Import files as chunks

file_in    <- file("in.csv","r")
chunk_size <- 100000 # choose the best size for you
x          <- readLines(file_in, n=chunk_size)

data.table method

require(data.table)
mydata = fread("in.csv", header = T)

ff package: this method does not allow you to pass connections

library("ff")
x <- read.csv.ffdf(
    file = "file.csv",
    nrow = 10,
    header = TRUE,
    VERBOSE = TRUE,
    first.rows = 10000,
    next.rows = 50000,
    colClasses = NA
)

bigmemory package

my_data <- read.big.matrix('in.csv', header = T)

sqldf package

library(sqldf)
my_data <- read.csv.sql('in.csv')

iris2 <- read.csv.sql("iris.csv", 
    sql = "select * from file where Species = 'setosa' ")
library(RMySQL)
## Loading required package: DBI

RQLite package

  • Download SQLite, pick “A bundle of command-line tools for managing SQLite database files” for Window 10
  • Unzip file, and open sqlite3.exe.
  • Type in the prompt
    • sqlite> .cd 'C:\Users\data' specify path to your desired directory
    • sqlite> .open database_name.db to open a database
    • To import the CSV file into the database
      • sqlite> .mode csv specify to SQLite that the next file is .csv file
      • sqlite> .import file_name.csv datbase_name to import the csv file to the database
    • sqlite> .exit After you’re done, exit the sqlite program
library(DBI)
library(dplyr)
library("RSQLite")
setwd("")
con <- dbConnect(RSQLite::SQLite(), "data_base.db")
tbl <- tbl(con, "data_table")
tbl %>% 
    filter() %>%
    select() %>%
    collect() # to actually pull the data into the workspace
dbDisconnect(con)

arrow package

library("arrow")
read_csv_arrow()

vroom package

library(vroom)
spec(vroom(file_path))
compressed <- vroom_example("mtcars.csv.zip")
vroom(compressed)

data.table package

s = fread("sample.csv")

Comparisons regarding storage space

test = ff::read.csv.ffdf(file = "")
object.size(test) # worst

test1 = data.table::fread(file = "")
object.size(test1) # best

test2 = readr::read_csv(""))
object.size(test2) # 2nd

test3 = vroom(file = "")
object.size(test3) # equal to read_csv

To work with big data, you can convert it to csv.gz , but since typically, R would require you to load the whole data then export it. With data greater than 10 GB, we have to do it sequentially. Even though read.csv is much slower than readr::read_csv , we still have to use it because it can pass connection, and it allows you to loop sequentially. On the other, because currently readr::read_csv does not have the skip function, and even if we can use the skip, we still have to read and skip lines in previous loop.
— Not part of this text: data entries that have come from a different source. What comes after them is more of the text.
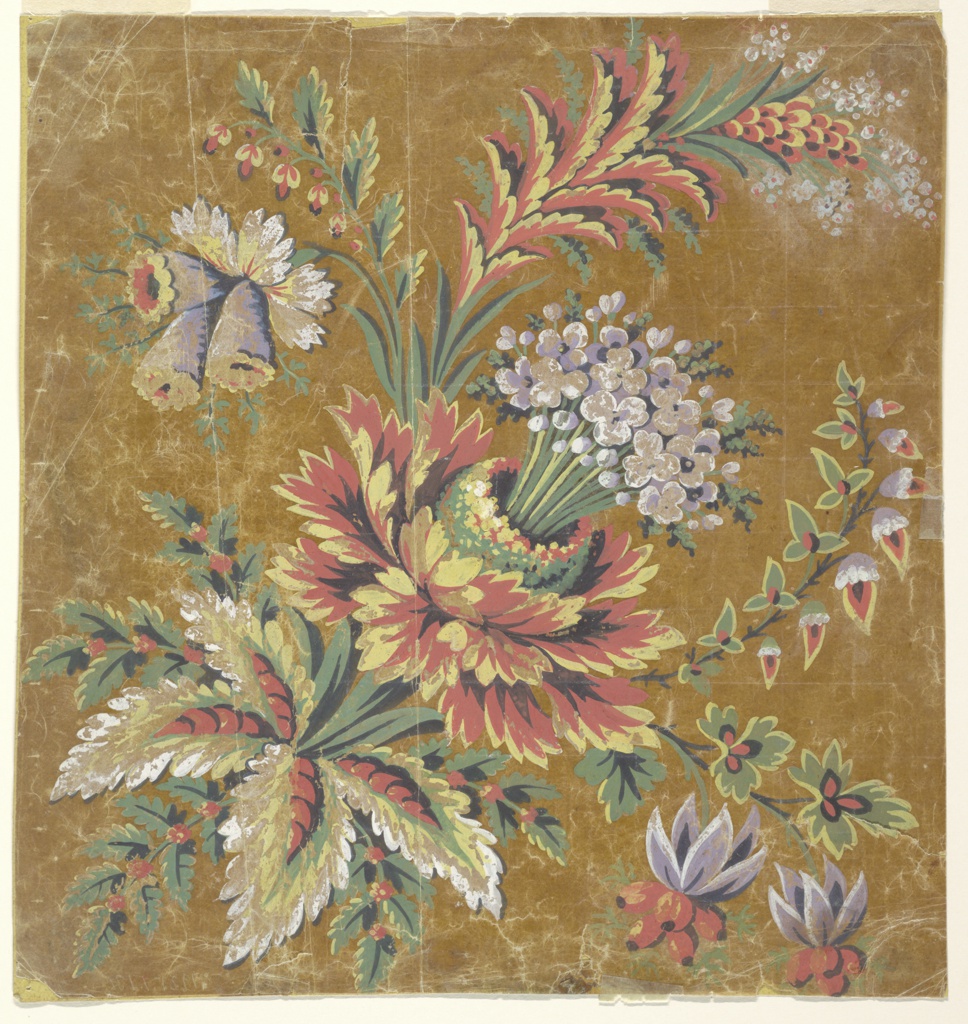 The exuberant and explosive power of this large-scale floral design perfectly illustrates how designers approached flowers, making them active rather than passive forms of ornamentation. Skilled embroiderers retained the same essence of vitality in their needlework for waistcoats.
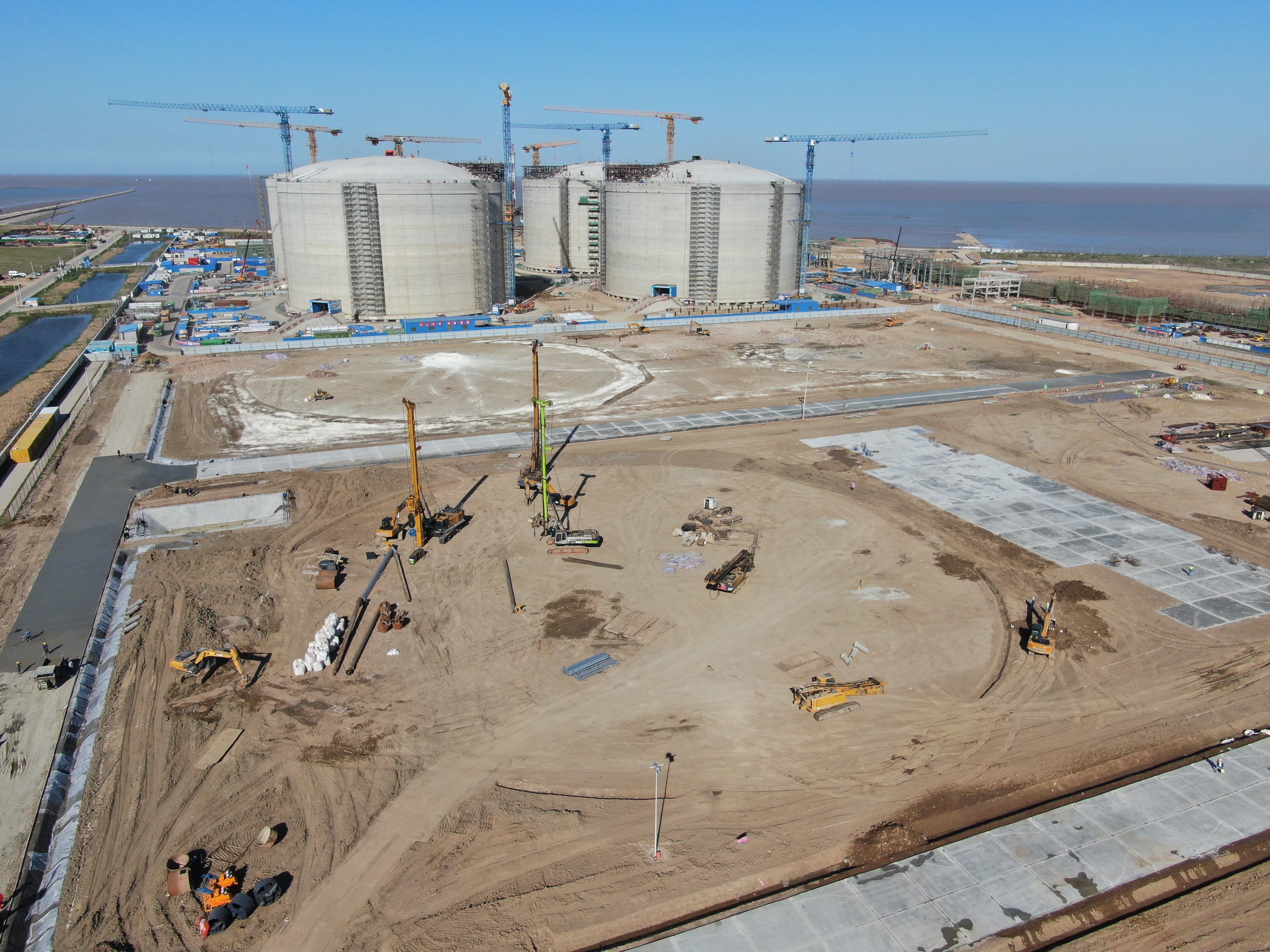 图为江苏LNG滨海接收站一期扩建工程储罐试桩
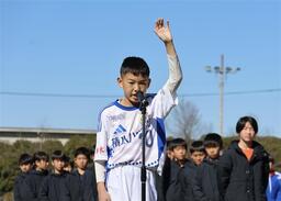 3月14日(土)の開会式では、ともぞうサッカークラブの黒﨑徠斗選手が「共に汗を流した仲間と心を一つにし、試合終了のホイッスルが鳴るまで全力でゴールを目指すことを誓います」と全選手を代表して選手宣誓しました。

For example, say you read_csv(, n_max = 100, skip =0) and then read_csv(, n_max = 200, skip = 100) you actually have to read again the first 100 rows. However, read.csv without specifying anything, will continue at the 100 mark.

Notice, sometimes you might have error looking like this

“Error in (function (con, what, n = 1L, size = NA_integer_, signed = TRUE, : can only read from a binary connection”

then you can change it instead of r in the connection into rb . Even though an author of the package suggested that file should be able to recognize the appropriate form, so far I did not prevail.